The reply needs the lines from the one containing "Nahteingriffstaschen, Casual-Look, Street-Fashion-Look" through the end of the material, each repeated exactly, and no pictures.
─── SUPPLIED DATA
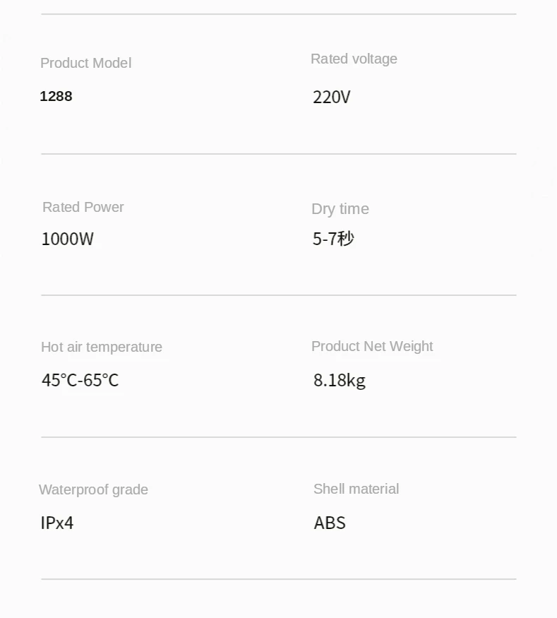 Температура горячего воздуха: 45 градусов Цельсия-65 градусов Цельсия
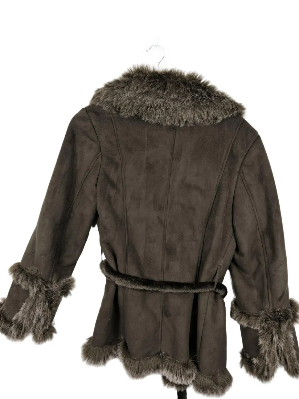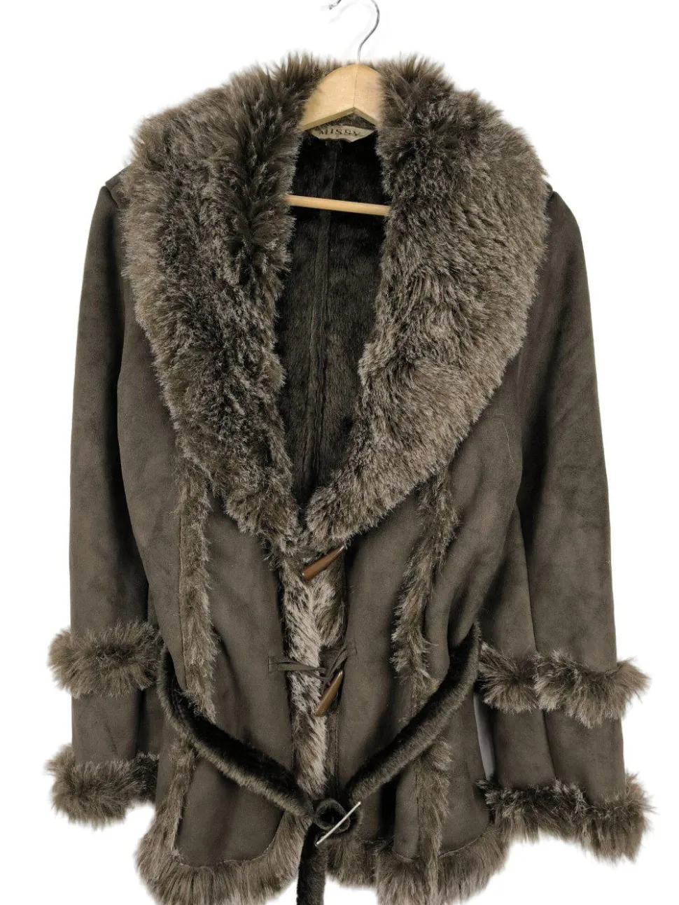 - tiefer V-Ausschnitt, Kunstfellkragen, Gürtelverschluss, Knebelverschluss, Nahteingriffstaschen, Casual-Look, Street-Fashion-Look
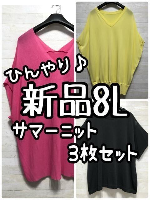 新品☆8L♪黒・ピンク・イエロー♪ひんやりサマーニット3枚♪ドルマン☆G860
──────
**ANSWER BOX:**
 - tiefer V-Ausschnitt, Kunstfellkragen, Gürtelverschluss, Knebelverschluss, Nahteingriffstaschen, Casual-Look, Street-Fashion-Look
 新品☆8L♪黒・ピンク・イエロー♪ひんやりサマーニット3枚♪ドルマン☆G860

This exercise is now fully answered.